Neustart: Bauwirtschaft als Schlüsselbranche
Die Bauwirtschaft ist für Kärnten eine Schlüsselbranche und wird beim Neustart bzw. beim Hochfahren der Wirtschaftskreisläufe eine entscheidende Rolle spielen. Die ARGE Bauwirtschaft fühlt sich von den Gemeinden alleine gelassen.
5.000 Unternehmen – vom Baustoffhersteller über Planer und Architekten bis zu den ausführenden Gewerken (wie beispielsweise Baumeister, Installateur oder Maler) – geben rund 40.000 Menschen Arbeit und Einkommen. „Dieser wichtige Wirtschaftsmotor läuft als Folge der Corona-Krise nicht rund“, warnt nun Gerhard Oswald, Obmann der Branchenvertretung ARGE Bauwirtschaft. Dabei ist das Funktionieren dieses wirtschaftlichen Impulsgebers eine Voraussetzung für den Lebens- und Wirtschaftsstandort Kärnten: Der Anteil der Bauwirtschaft am gesamten Kärntner Produktionswert beträgt 25 %. Die Baubranche ist dabei wesentlich von öffentlichen Aufträgen abhängig: Im Tiefbau sind es 70 %, im Hochbau 30 %.
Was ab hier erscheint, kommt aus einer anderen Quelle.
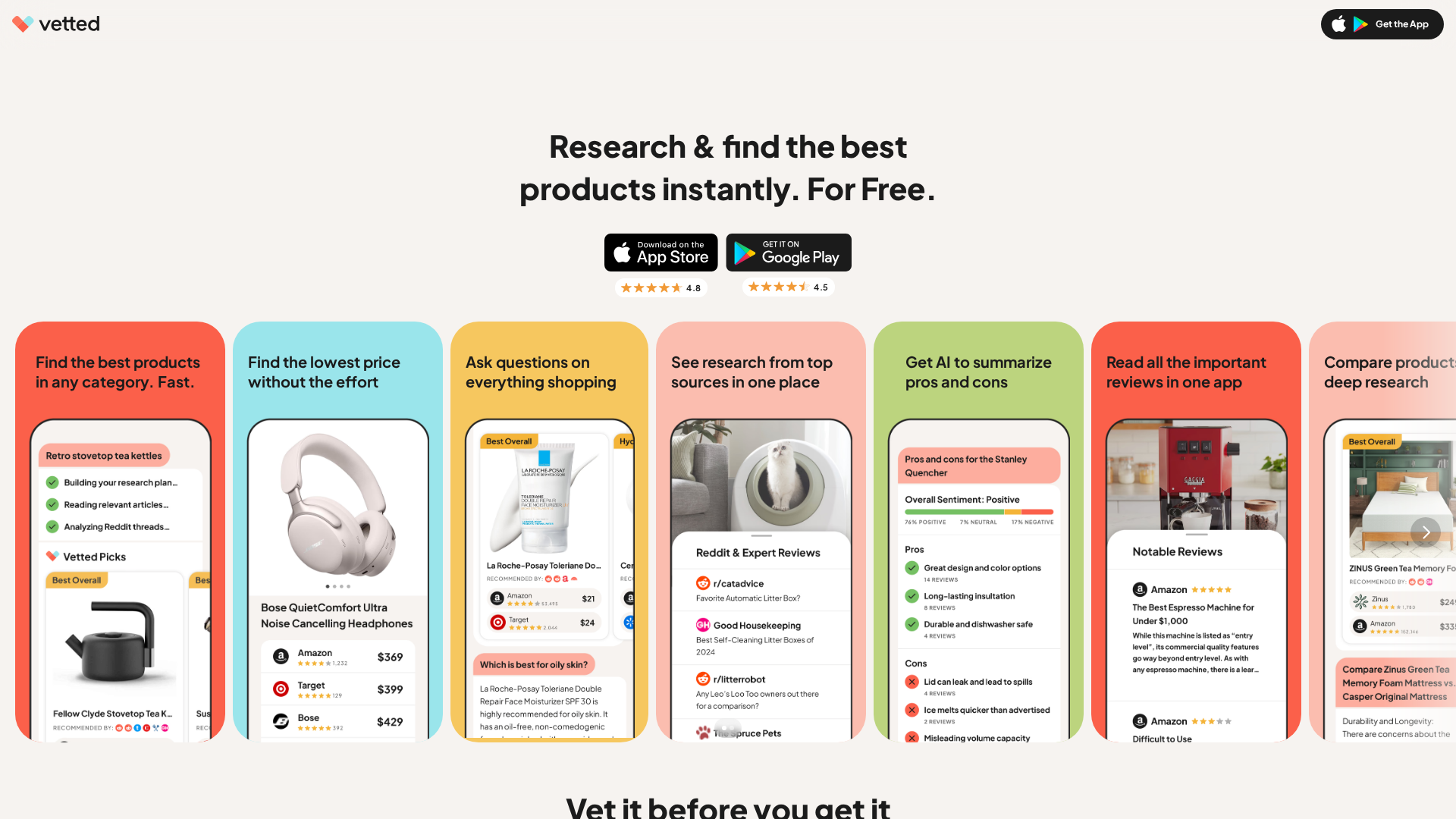 Meet Vetted, an AI shopping assistant that analyzes Reddit, YouTube, reviews, and expert articles to help you find the best products.

Oswald: „Die Bedeutung der Kärntner Bauwirtschaft liegt aber nicht nur in den sehr hohen Produktions-, Beschäftigungs- und Lehrlingsausbildungs-Effekten, sondern insbesondere in den sehr hohen volkswirtschaftlichen Multiplikator-Effekten (Vervielfältigungswirkungen) von Bauinvestitionen.“ Bei einer Bauinvestition von einer Million Euro werden über diese Multiplikatorwirkung heimische Produktionswerte von 1,48 Mio. Euro ausgelöst.
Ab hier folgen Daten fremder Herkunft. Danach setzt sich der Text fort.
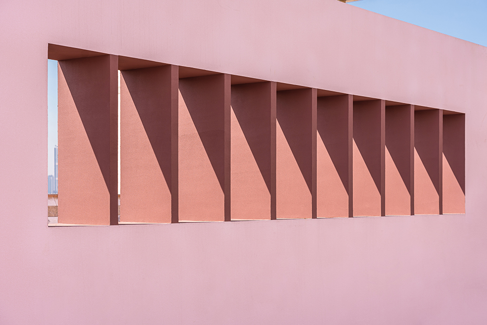 이 거리를 어떻게든 활성화하려는 노력이 우리 말고도 오랫동안 지속되었나 보다. 좌측 건물은 노란색 벽, 우측 건물은 파란색 창. 파란 하늘과 건축물 앞 푸른 나뭇잎까지 온갖 색이 가득한 이곳에 남겨진 것은 단연 붉은 기운이 있는 색이었다. 존재감을 드러내고 좀 더 입체감을 표현하기 위해서는 톤온톤(Tone-on-tone)의 감각을 적극적으로 사용하는 것으로 클라이언트에게 제안, 과감하게 칠을 해 나갔다. 우리는 가로에 대응하는 가장 사업성 높은 방법으로서 기존 필로티 주차장을 옥외로 위치 이동시키고, 대신에 그 공간을 증축하는 것과 엘리베이터를 새롭게 설치했다. 건축물 규모 및 가로의 특성상 각 층 따로 임대를 둘 가능성이 크다는 것을 감안하여 엘리베이터 및 로비의 위치를 기존의 건축물 후면 계단실과 최대한 가까운 곳에 배치했고, 건축물로 진입하는 주 출입구의 위치를 1층 임대공간의 손실 및 간섭이 없도록 해야 했다. 선의 두께감과 간격, 루버의 각도에 따라 면으로 보일 수 있는 깊이를 바탕으로 한 선과 면의 컴포지션은 마치 핑크색 암염(Halite)이 떠오른다. 하라이트 플라츠는 화창한 여름날 푸른 나무와 파란 하늘로 보색대비를 이루고, 노란 낙엽과 하얀 눈발에도 어울리는 생동감 넘치는 유기체로, 좀 더 활발한 가로를 만드는 데 보탬이 되길 희망한다.

In der Corona-Krise kämpft die Bauwirtschaft neben vielen anderen Problemen wie unterbrochenen Lieferketten, fehlender Schutzausrüstung, dem Facharbeitermangel oder drohenden Pönalzahlungen, aber auch mit hausgemachten Schwierigkeiten in der öffentlichen Verwaltung: Der sommerliche Baustopp in vielen Kärntner Seengemeinden macht der Branche ebenso zu schaffen wie die stockenden Genehmigungsverfahren bei den Baubehörden und der Verfahrens- und Entscheidungsstillstand von rund sechs Wochen aufgrund des 2. Covid-19-Begleitgesetzes. Oswald: „Mit dieser Geisteshaltung kann ich mir nur schwer einen erfolgreichen Neustart vorstellen.“
Sommerbaustopp
Bereits vor Wochen hat die Wirtschaftskammer Kärnten mit der ARGE Bauwirtschaft im Rahmen eines Baugipfels die Regierung gebeten, an die Gemeinden heranzutreten, sie mögen doch den in vielen Gemeinden während der Sommermonate herrschenden Baustopp lockern. In der WK wurde dazu zwischen Bauwirtschaft und Tourismusbranche ein Kompromissvorschlag ausgearbeitet: Die Tourismuswirtschaft hat keinerlei Bedenken, dass Bauvorhaben im Mai (und solange die Hotellerie gesperrt ist) grundsätzlich erlaubt werden. Sie ist auch einverstanden, dass die in den Baubescheiden als Auflage formulierten Bauverbote auch in den Monaten Juli und August aufgehoben werden – allerdings eingeschränkt auf Baumaßnahmen, durch die keine oder geringe Lärmbelästigung zu erwarten sind, wie z.B. im Innenausbau. Keine Bedenken gibt es auch bei Bauvorhaben, die in keiner unmittelbarer Nähe zu Tourismusbetrieben und nicht in touristischen Kernzonen liegen.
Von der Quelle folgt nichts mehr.